09-21-2017 12:15 AM
I've just come across Hash tables based on a previous question I raised on this forum yesterday.
I'm currently merging a few datasets (these are monthly datasets and I will merger for next month's data, being September), using the code below. I've read the Hash tables could make this process a lot quicker.
Can anyone assist in using Hash Tables to merge the below datasets and also cater for new monthly datasets to be merged also
where Invoice_Balance >0;
09-21-2017 12:41 AM
A better approach would be to create an invoice history table where you just add the latest month's data each month, perhaps something like this? It does assume that you are not updating prior months as well though.
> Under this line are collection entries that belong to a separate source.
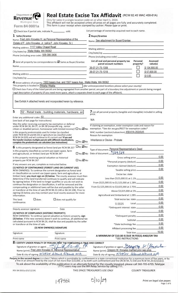 | 1 | 05/10/2024 | DPR | DEED OF PERSONAL REPRESENTATIVE | KNOWLES F JOHN ESTATE OF | KNOWLES GREGORY WAYNE | | | | 147551 | 2024-02518 |
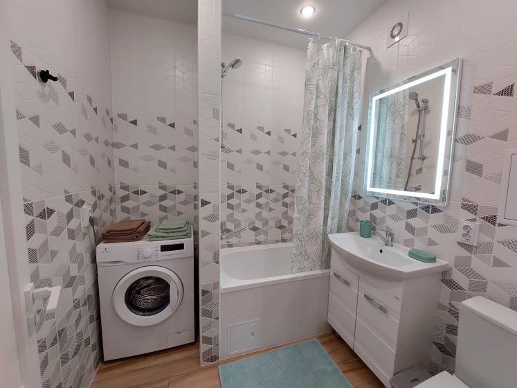 В квартире все есть для комфортного проживания 4 гостей. Кровать размера (140х 200 см), высокоскоростной wi-fi интернет, большой телевизор smаrt tv, yоutubе. Удобный диван со спальным местом 140×200 см, обеденный стол, кухня полностью оборудована для самостоятельного приготовления еды (микроволновая печь, плита, холодильник, полный набор посуды и кухонных принадлежностей), санузел, ванна, стиральная машина, распоряжении гостей подогрев пола. Полное оснащение гигиеническими средствами (гель для душа, шампунь, бальзам, крем-мыло для рук). Предоставляются: полотенца , постельное бельё, подушки, одеяла, фен, утюг, гладильная доска, сушилка для белья. Вместительный шкаф купе. Большая солнечная лоджия с удобными стульями.
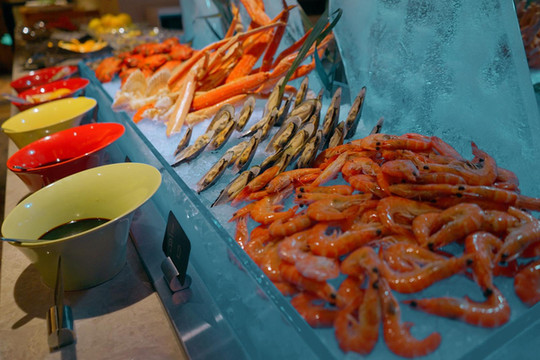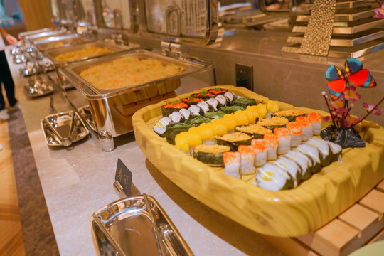 然后我们还去吃了酒店的自助餐,在三楼,环境很高档大气,菜品丰富多样,从海鲜、肉类到中西式餐点、精致甜品、鲜榨饮品等应有尽有,9月30日前入住酒店就可以免费享用当日自助晚餐及隔日早餐。
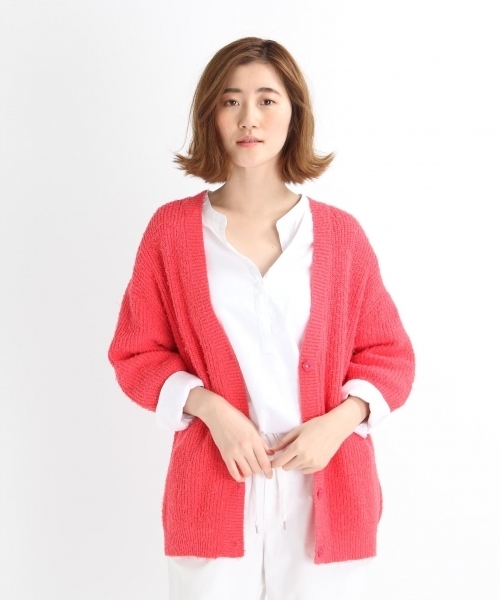 表情のある糸が魅力のカーディガンです。ざっくりとしたシルエットで少しゆるく着て頂けるので、トレンドのボリューム袖のブラウスやドルマンのプルーオーバーとも相性抜群。 前立てはヒヨク仕立てで、すっきりとした印象で着て頂けます。 特にピンクは発色の良い色合いで羽織るだけで今年らしい表情になるアイテムです。
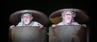 Endgame, like Godot, is about repetition, with some changes rung. The play begins with Hamm announcing “Me to play,” and over the course of 85 minutes, stories are told and re-told, and actions taken and re-taken. There are some variations, and the play does not deny that time passes, and that the characters age. For example, this is the day that Nell will die, and when Clov looks out the window, he will see a boy in the landscape. But still Hamm will wipe his glasses, and ask if it is time for his painkiller. Clov will remove the sheets and open the curtains, and tell Hamm what the weather is like. At the end of the play, when Clov appears with his raincoat and bags (but does not move), does this mean he will finally leave Hamm? Is their endgame finished at last?
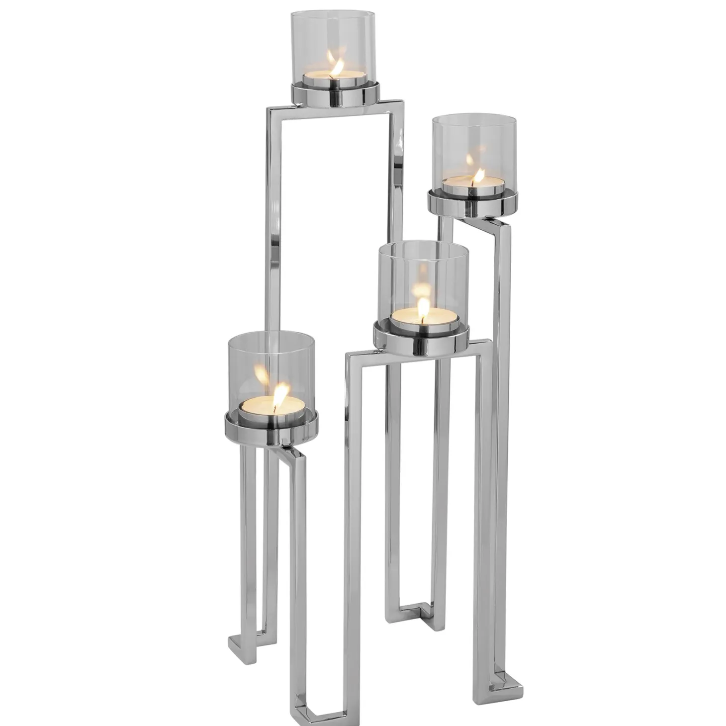 Der GRANT moderner Bodenteelichthalter – silber von Fink besticht durch seine klare geometrische Form und das moderne, minimalistische Design. Mit einer Höhe von 56 cm und einem Durchmesser von 22 cm fügt sich der vernickelte Kerzenständer elegant in jedes Interieur ein. Vier abnehmbare Gläser (Modell Melody) gehören zum Lieferumfang und eignen sich ideal für Maxi-Teelichter, die dem Raum ein warmes, heimeliges Licht verleihen.

data reports.invoice_history; merge reports.invoice_history reports.invoiceaug17 ; by Extract_date; where Invoice_Balance >0; run;
09-21-2017 01:05 AM
Not seeing the data structure, but it's likely that MERGE is overkill and what is slowing down the program. Wouldn't SET instead of MERGE give you what you need? It would definitely be faster.
09-21-2017 03:51 AM
I agree with @Astounding - I've done a lot of work in the past evaluating performance of different types of merge and it's my experience that unless you're working with fairly large data sets the overhead of hash merging makes it slower than conventional merging. Of course if you have a REALLY large data set then hash merging wins hands down......